ここでは、既存の DOM ノードのコンテンツや CSS スタイルを変更し、まったく新しいノードをドキュメントに追加しました。このページがデザイン賞を受賞することはないでしょうが、JavaScript の持つ力と柔軟性は実証しています。
JavaScript は非常に強力ですが、ページ レンダリングの方法やタイミングについて大きな制限が加わります。
まず、上記のサンプルで、インライン スクリプトがページの下端近くにある点に注目してください。なぜでしょうか。実際に試すとわかりますが、このスクリプトを span 要素の上に移動するとスクリプトは失敗し、ドキュメントで span 要素への参照が見つからないというエラーが出ます。つまり、getElementsByTagName(‘span') が null を返します。これは、重要な特性を示しています。このスクリプトは、ドキュメントに挿入されたそのままの位置で実行されているのです。HTML パーサーが script タグに遭遇すると、DOM 構築のプロセスを一時中断し、JavaScript エンジンに制御を渡します。JavaScript エンジンの実行が完了すると、ブラウザは中断前の位置に戻り、そこから DOM 構築を再開します。

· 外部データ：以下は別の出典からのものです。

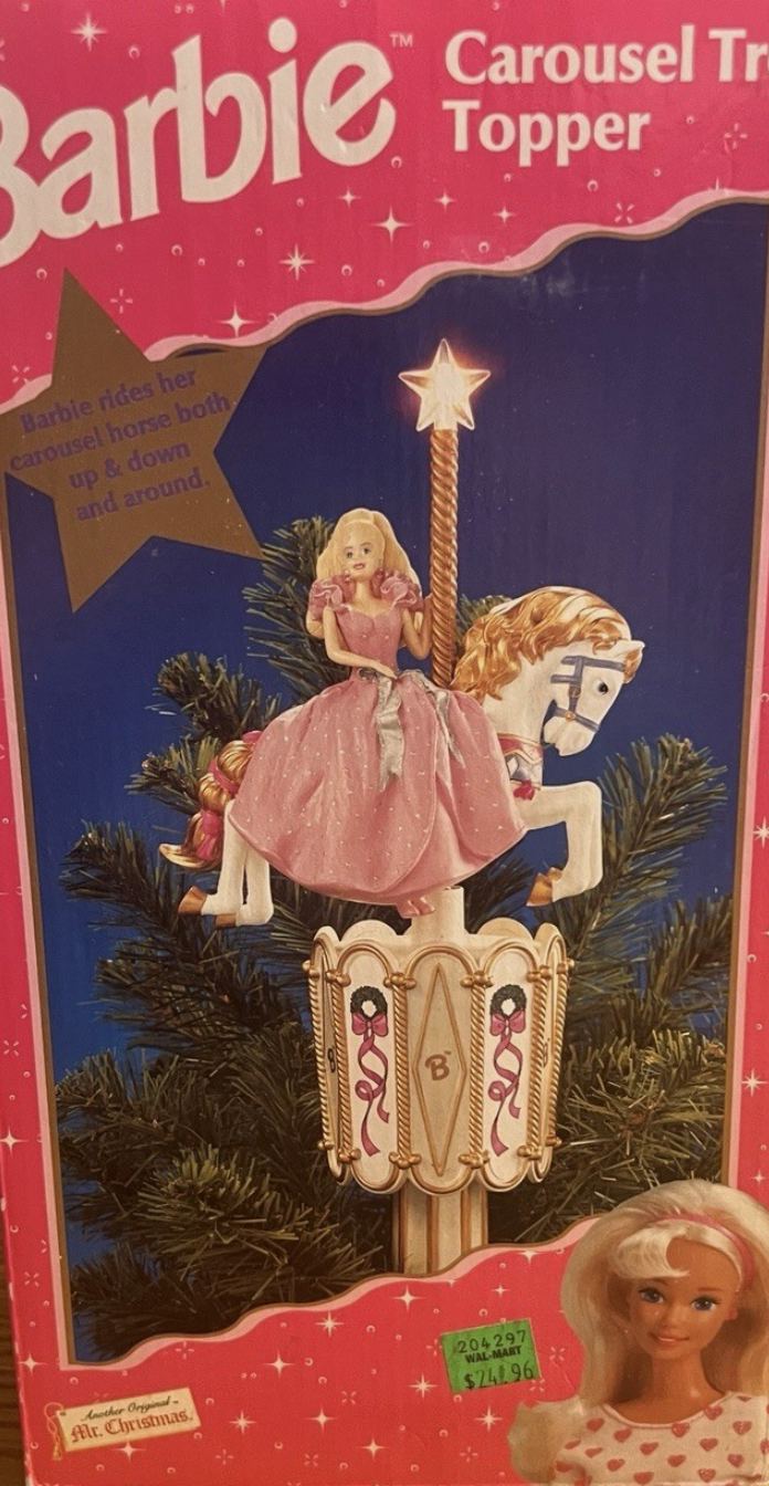 The Barbie Carousel Christmas Tree Topper from 1997 by Mr. Christmas Inc. (model 49501) is a collector’s gem that adds vintage charm to any holiday decor. Featuring intricate carousel detailing combined with the iconic Barbie theme, this tree topper delivers both nostalgic appeal and timeless elegance. Its classic design offers a delicate centerpiece atop your Christmas tree, enhancing the festive atmosphere with expert craftsmanship guaranteed to impress enthusiasts and collectors alike.

つまり、ページの最後の方にある要素はまだ処理されていないため、スクリプト ブロックでそれらの要素を見つけることはできません。言い換えれば、インライン スクリプトの実行は、DOM 構築をブロックし、結果的に最初のレンダリングが遅れるということです。
このページにスクリプトを導入したことで、DOM だけでなく CSSOM プロパティも、スクリプトによる読み込みと変更が可能であるという、隠れた特性も判明しました。それがまさに、このサンプルで、span 要素の display プロパティを none から inline に変更することによって行っている操作です。その結果として、競合状態が生まれました。
スクリプトを実行する時点で、ブラウザが CSSOM のダウンロードと構築を完了していないと、どうなるでしょうか。答えは単純で、パフォーマンスが低下します。ブラウザは、CSSOM のダウンロードと構築が完了するまで、スクリプトの実行を遅らせます。
つまり、JavaScript によって、DOM、CSSOM、JavaScript の実行において新たな依存関係が多く生まれます。これにより、ブラウザによる画面上のページの処理とレンダリングが大幅に遅れる場合があります。
- ドキュメント内のスクリプトの位置が重要です。
- DOM 構築は、script タグに遭遇すると、スクリプトの実行が完了するまで一時中断されます。
- JavaScript では、DOM と CSSOM のクエリと変更が可能です。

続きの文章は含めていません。